In the measurement, in the piezoelectric element 200 having the configuration shown in FIG. 4B, a voltage having a predetermined voltage value is applied between the lower electrode layer 110 and the upper electrode layer 140 to cause piezoelectric distortion in the piezoelectric element 200. The piezoelectric constant d31 and the withstand voltage of the piezoelectric element 200 were measured. FIG. 5 is a table showing the configurations of the orientation control layer 120 and the piezoelectric layer 130 in Examples 1 to 11 and Comparative Examples 1 and 2, and the measurement results thereof. The piezoelectric constant d31 is actually a negative value, but in FIG. 5, the value of the piezoelectric constant d31 is described as an absolute value as described above.

(Example 1)
In Example 1, the substrate 210 was composed of a Si single crystal substrate oriented on the (100) plane, and the lower electrode layer 110 was composed of Pt oriented on the (111) plane. Before the formation of the lower electrode layer 110, a Ti layer was formed on the surface of the substrate 210 to improve the adhesion between the substrate 210 and the lower electrode layer 110. The upper electrode layer 140 was made of Au. The orientation control layer 120 was formed so as to be oriented toward the (001) plane in the perovskite structure of _LaNiO3 . The piezoelectric layer 130 has a perovskite structure of Pb (Zr, Ti) O ₃ containing Pb (Zn _1/3 , Nb _2/3 ) O ₃ and is formed so as to be oriented in the (001) plane. Each layer was formed by a sputtering method.

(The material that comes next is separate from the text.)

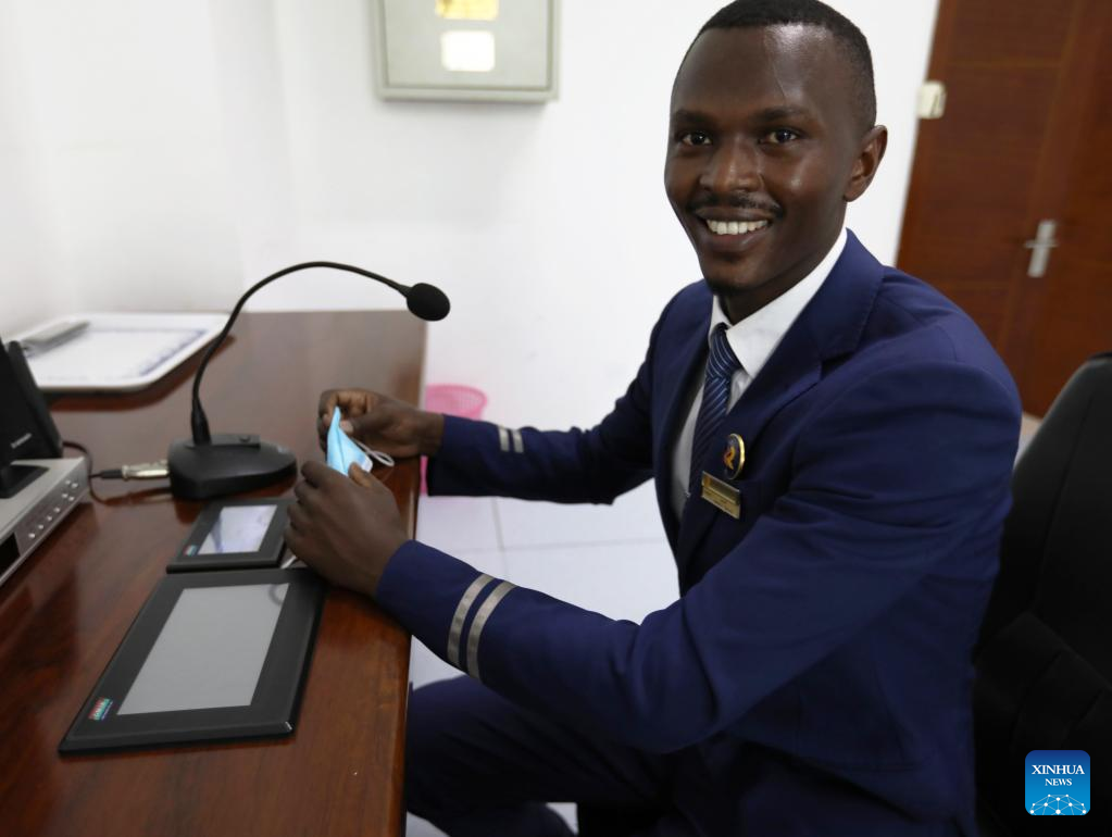 Announcer David Mwangi Ndungu works at Mombasa Terminus Station in Mombasa, Kenya, July 27, 2022. Launched on May 31, 2017, the 480 km Mombasa-Nairobi Standard Gauge Railway (SGR), financed mainly by China and constructed by China Road and Bridge Corporation (CRBC), has fostered job creation for local people.
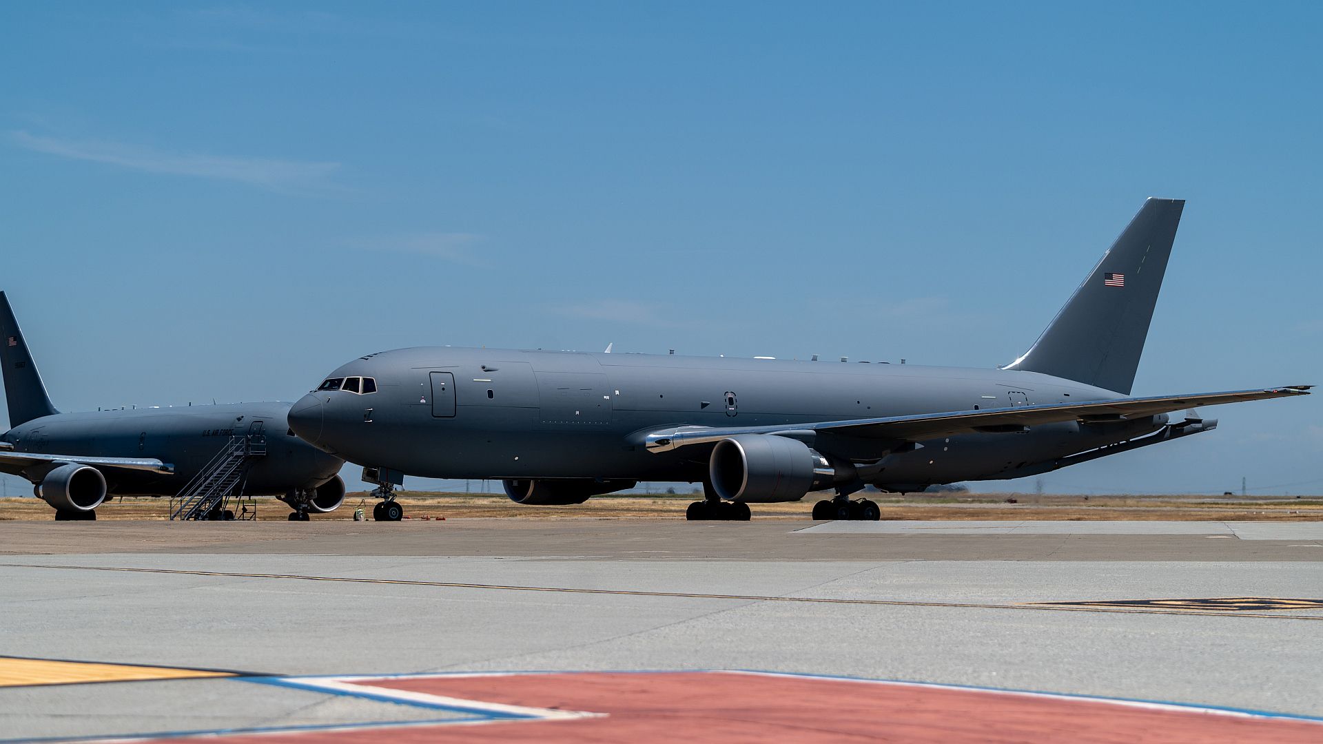 A U.S. Air Force KC-46A Pegasus taxis down the flight line at Travis Air Force Base, California, May 16, 2025. Travis AFB received one of two new KC-46 air frames, further modernizing aerial refueling capabilities for the Department of Defense. (U.S. Air Force photo by Airman 1st Class Ashley Rowell)

The orientation control layer 120 contained 10 mol% of Ti and 10 mol% of Nb as additives. The composition ratio of the piezoelectric layer 130 was set to 50 mol% for Pb (Zn _1/3 , Nb _2/3 ) O ₃ and 50 mol% for Pb (Zr, Ti) O ₃ . The thickness of the orientation control layer 120 was set to about 200 nm, and the thickness of the piezoelectric layer 130 was set to 3 μm.

As shown in FIG. 5, in the first embodiment, the piezoelectric constant d31 was 201 pm / V, and the withstand voltage was 191 V. In Example 1, the piezoelectric constant d31 could be 120 pm / V or more and the withstand voltage could be 150 V or more, more preferably 180 V or more. From this, it was confirmed that the MEMS mirrors 1 and 2 having extremely high runout angle performance can be realized by using the piezoelectric element 100 having the same structure as the piezoelectric element 200 of the first embodiment.

(Example 2)
In Example 2, the amount of Ti and Nb added to the orientation control layer 120 was reduced to 1 mol% as compared with Example 1. Other configurations are the same as those in the first embodiment.

As shown in FIG. 5, in Example 2, the piezoelectric constant d31 was 198 pm / V, and the withstand voltage was 177 V. In Example 2, the piezoelectric constant d31 could be 120 pm / V or more and the withstand voltage could be 150 V or more. From this, it was confirmed that the MEMS mirrors 1 and 2 having high runout angle performance can be realized by using the piezoelectric element 100 having the same structure as the piezoelectric element 200 of the second embodiment.

(Example 3)
In Example 3, the amount of Ti added to the orientation control layer 120 was increased to 20 mol% as compared with Example 2. Other configurations are the same as in the second embodiment.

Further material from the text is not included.